_What is needed_. Give the records again exactly as written. Leave out the pictures.

(Records contained in a dataset)

^^^^^^^^

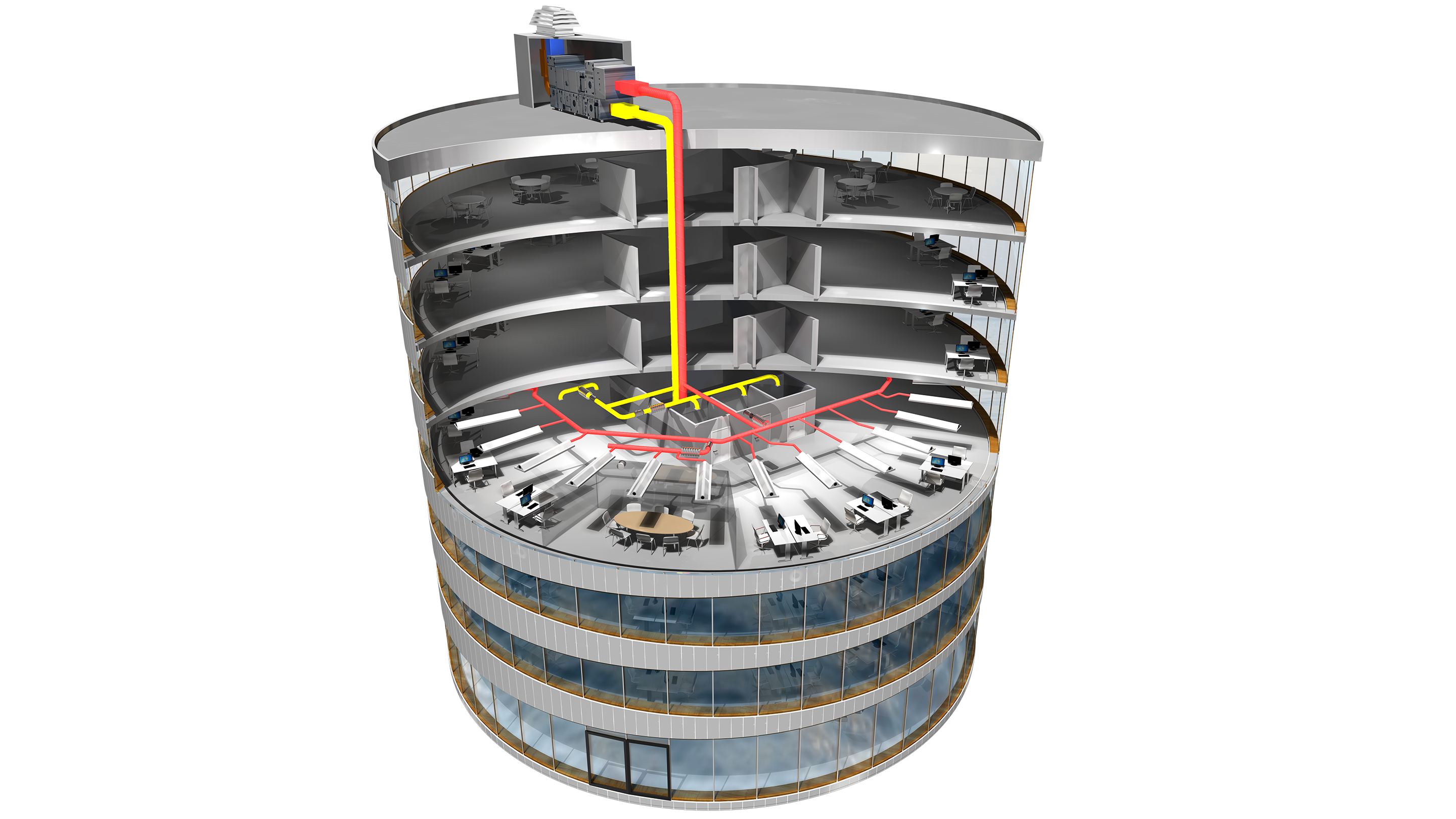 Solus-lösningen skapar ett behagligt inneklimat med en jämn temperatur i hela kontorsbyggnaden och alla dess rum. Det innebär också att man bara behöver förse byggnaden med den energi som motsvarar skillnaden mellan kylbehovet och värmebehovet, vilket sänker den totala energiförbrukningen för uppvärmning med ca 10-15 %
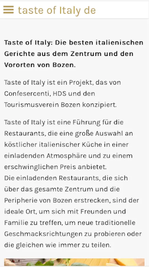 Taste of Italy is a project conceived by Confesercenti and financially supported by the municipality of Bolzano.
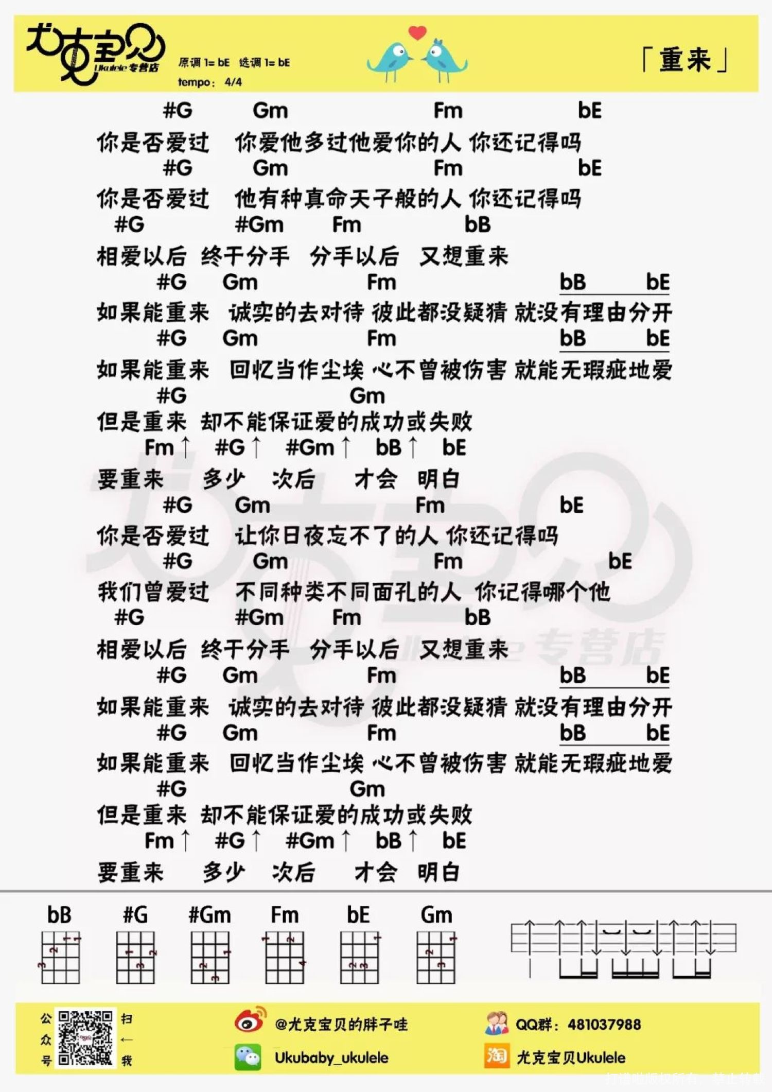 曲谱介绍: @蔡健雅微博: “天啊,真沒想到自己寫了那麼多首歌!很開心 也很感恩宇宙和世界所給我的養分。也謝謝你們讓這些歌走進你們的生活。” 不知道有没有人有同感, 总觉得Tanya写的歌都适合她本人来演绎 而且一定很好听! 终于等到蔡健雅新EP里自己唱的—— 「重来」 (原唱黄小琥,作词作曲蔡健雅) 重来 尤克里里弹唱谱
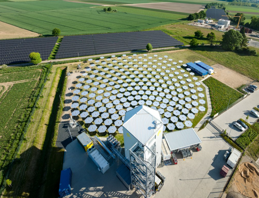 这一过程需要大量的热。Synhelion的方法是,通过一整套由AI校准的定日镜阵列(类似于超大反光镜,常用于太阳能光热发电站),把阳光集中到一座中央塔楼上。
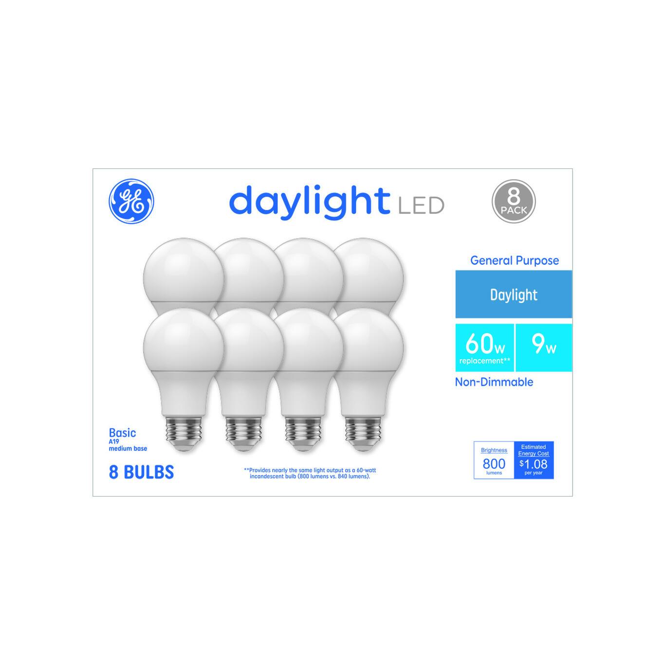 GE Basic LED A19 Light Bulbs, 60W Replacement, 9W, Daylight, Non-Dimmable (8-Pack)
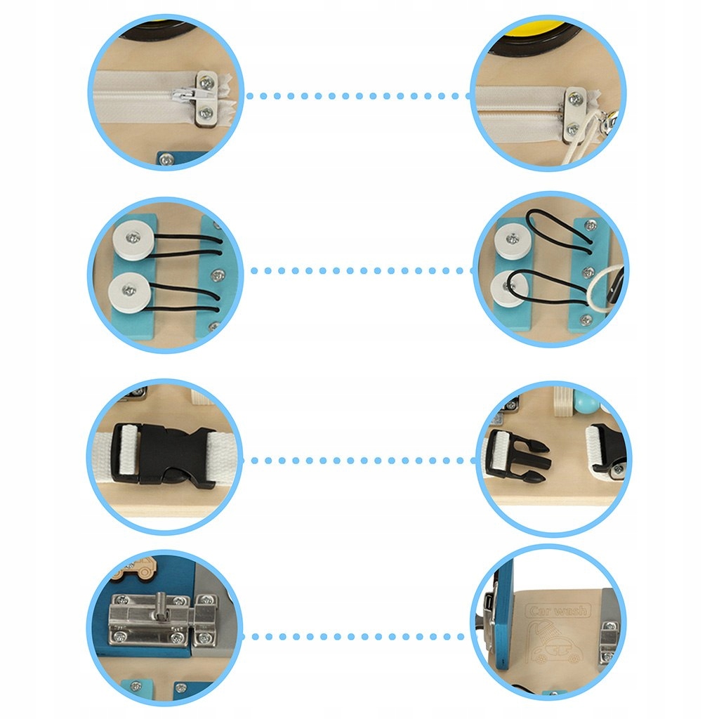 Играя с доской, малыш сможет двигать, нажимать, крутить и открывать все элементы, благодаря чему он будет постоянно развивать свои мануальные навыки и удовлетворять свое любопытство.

^^^^^^^^

_Result of the task_.
 Solus-lösningen skapar ett behagligt inneklimat med en jämn temperatur i hela kontorsbyggnaden och alla dess rum. Det innebär också att man bara behöver förse byggnaden med den energi som motsvarar skillnaden mellan kylbehovet och värmebehovet, vilket sänker den totala energiförbrukningen för uppvärmning med ca 10-15 %
 Taste of Italy is a project conceived by Confesercenti and financially supported by the municipality of Bolzano.
 曲谱介绍: @蔡健雅微博: “天啊,真沒想到自己寫了那麼多首歌!很開心 也很感恩宇宙和世界所給我的養分。也謝謝你們讓這些歌走進你們的生活。” 不知道有没有人有同感, 总觉得Tanya写的歌都适合她本人来演绎 而且一定很好听! 终于等到蔡健雅新EP里自己唱的—— 「重来」 (原唱黄小琥,作词作曲蔡健雅) 重来 尤克里里弹唱谱
 这一过程需要大量的热。Synhelion的方法是,通过一整套由AI校准的定日镜阵列(类似于超大反光镜,常用于太阳能光热发电站),把阳光集中到一座中央塔楼上。
 GE Basic LED A19 Light Bulbs, 60W Replacement, 9W, Daylight, Non-Dimmable (8-Pack)
 Играя с доской, малыш сможет двигать, нажимать, крутить и открывать все элементы, благодаря чему он будет постоянно развивать свои мануальные навыки и удовлетворять свое любопытство.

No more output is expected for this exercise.